Nationaal programma voor het behoud van het papieren erfgoed

Onderzoek naar schimmelgroei op papieren collecties

Schimmelvorming

In november 2024 startte het door Metamorfoze gefinancierde onderzoek “Inschatting risico’s van schimmelgroei in archiefdepots". Het onderzoek wordt uitgevoerd door het Westerdijk Fungal Biodiversity Institute in samenwerking met het Nationaal Archief. 

Schimmelgroei en bewaaromstandigheden

Schimmelgroei op papieren collecties vormt een gevaar voor de collectie en medewerkers. De groei van schimmels hangt in de meeste gevallen samen met verkeerde bewaaromstandigheden en/of een calamiteit. Wanneer schimmelgroei wordt aangetroffen worden kostbare desinfectieprocedures en schoonmaakacties toegepast om de schimmel te doden en te verwijderen. 
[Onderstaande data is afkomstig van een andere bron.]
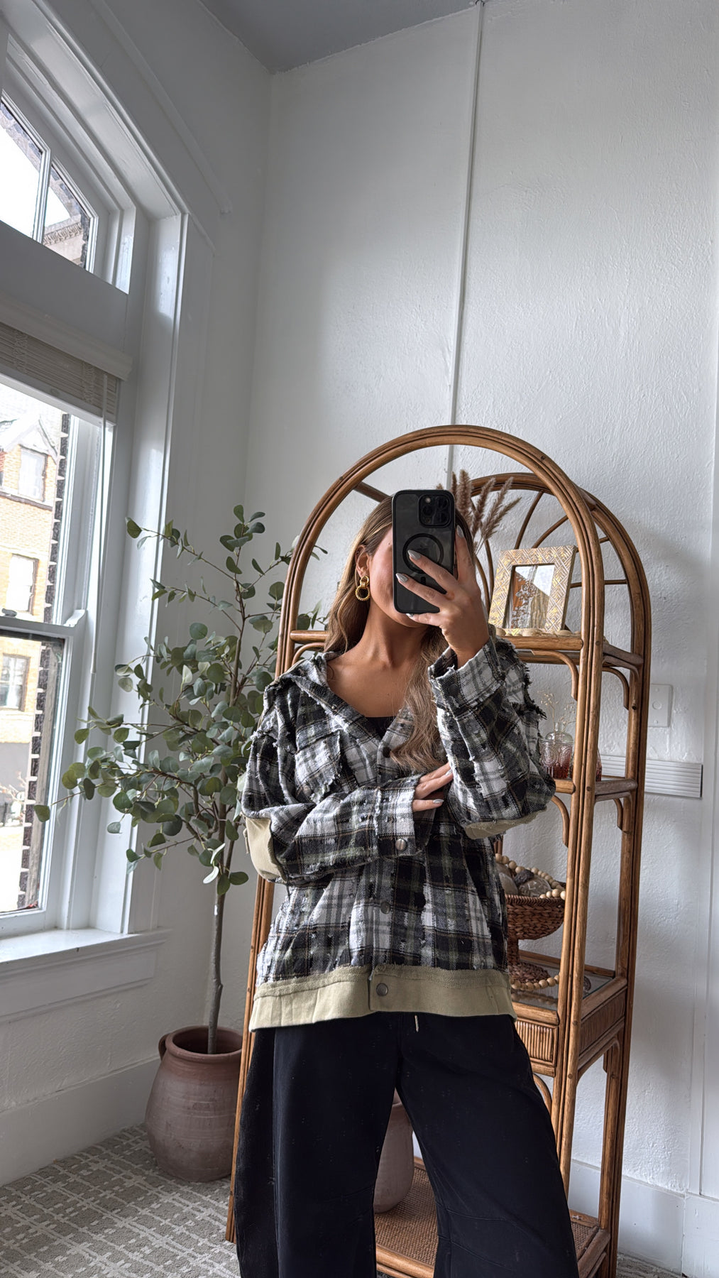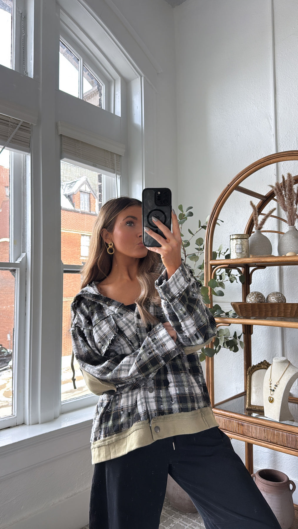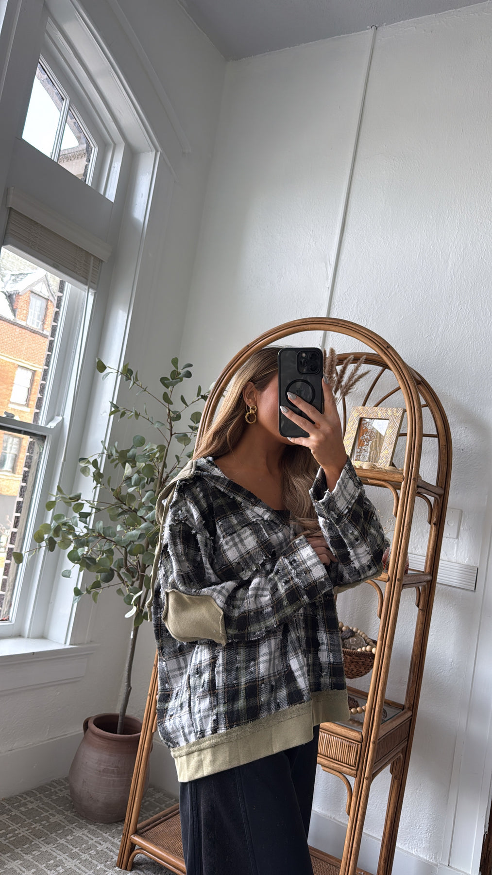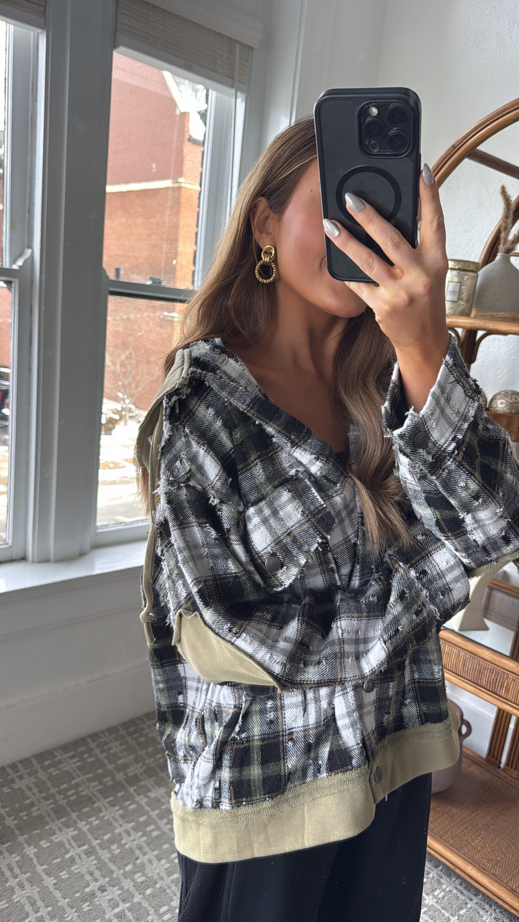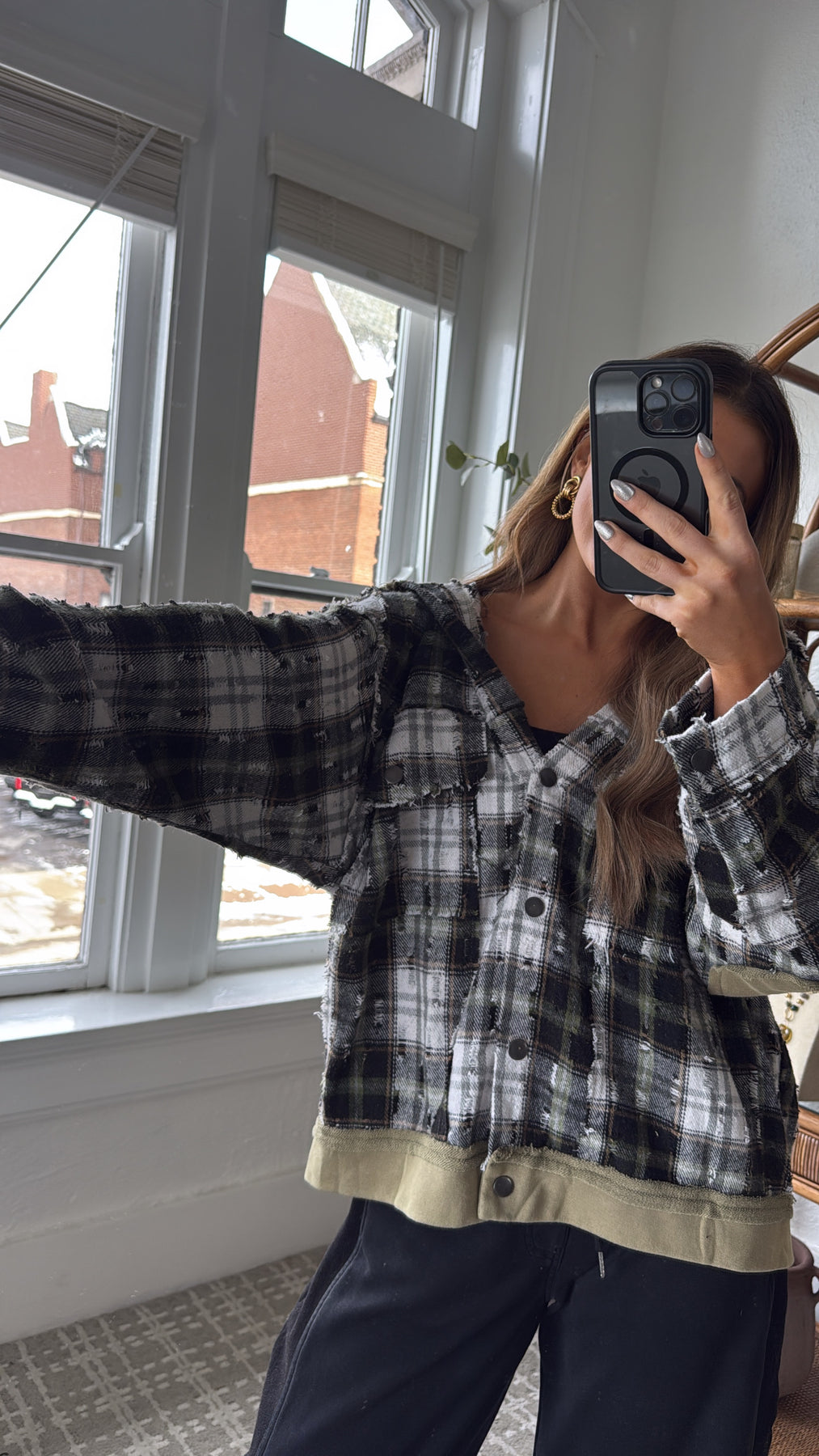 The Birch Cabin Flannel brings rugged charm and cozy comfort together in one effortlessly cool layer. This distressed plaid button-up features a mix of earthy olive, cream, and charcoal tones, creating the perfect cabin inspired palette. With raw edge detailing and lived in texture throughout, it feels like your favorite vintage find from day one.

De bewaaromstandigheden van archieven worden al langer dan 30 jaar op een regime gehouden waarbij een relatief lage temperatuur (18 ± 2 ° C) gecombineerd wordt met een lage luchtvochtigheid (50 ± 5 % RV). Zodra de temperatuur of relatieve luchtvochtigheid afwijkt van deze waarden wordt snel gecorrigeerd door be- of ontvochtigen of door de temperatuur aan te passen.  

Flexibeler klimaateisen

De afgelopen tien jaar hebben een toenemend bewustzijn van de wereldwijde klimaatverandering, de menselijke bijdrage aan CO2-uitstoot, de huidige energiecrisis en veranderde inzichten over hoe op een efficiënte en effectieve manier het depotklimaat geregeld kan worden, geleid tot initiatieven om deze vaste waarden te herzien. In de nieuwe Archiefregeling (ingang hiervan voorzien voor 2026) wordt uitgegaan van flexibeler klimaateisen. Waar in het traditionele regime elke afwijking van de vaste waarden wordt gecorrigeerd, met snelle wisselingen in temperatuur en relatieve luchtvochtigheid tot gevolg, staat het nieuwe regime langzame fluctuaties toe. Steeds meer erfgoedinstellingen maken gebruik van dit systeem, vaak door middel van passief geklimatiseerde depots. Door minder strak te sturen op een constant depotklimaat wordt het energieverbruik verminderd en de koolstofvoetafdruk verlaagd, en wordt een meer duurzame opslag van archiefmateriaal en erfgoedcollecties bewerkstelligd. 

De nieuwe Archiefregeling schrijft voor dat de luchtvochtigheid (RV) altijd tussen 35 % en 60 % moet liggen, en de luchttemperatuur tussen 13 °C en 22 °C. Over het hele jaar moet de temperatuur gemiddeld 18 °C zijn en de relatieve luchtvochtigheid 50%. Hoewel de eisen gemiddeld genomen gelijk zijn aan de ‘traditionele’ waarden, kan het voorkomen dat er langere droge of vochtiger periodes zijn. Een van de vragen die bij flexibele klimaateisen voor de bewaring van archiefmateriaal gesteld kan worden, is daarom of deze koersverandering tot onvoorziene risico’s kan leiden, met name op het gebied van schimmelgroei. En of globale klimaatverandering kan leiden tot veranderingen in het schimmellandschap, zoals de opkomst van droogteminnende schimmels. 
 

Wat zijn de risico's?

Om de omgang met schimmel in papiercollecties te (her)evalueren en wetenschappelijk te onderbouwen hebben het Nationaal Archief en het Noord-Hollands Archief samenwerking gezocht met het Westerdijk Fungal Biodiversity Institute. Door de reactie van schimmels (zowel actieve groei als niet-actieve schimmelsporen) op wisselende klimaatomstandigheden te bestuderen, kunnen we de effectiviteit en veiligheid van maatregelen op het gebied van klimatisering van depots beter inschatten. 

Het onderzoek zal inzicht geven in:

  • De reactie van schimmels (actieve groei en niet-actieve schimmelsporen) op langzaam wisselende klimaatomstandigheden.
  • De mogelijke opkomst van droogteminnende schimmels in de toekomst.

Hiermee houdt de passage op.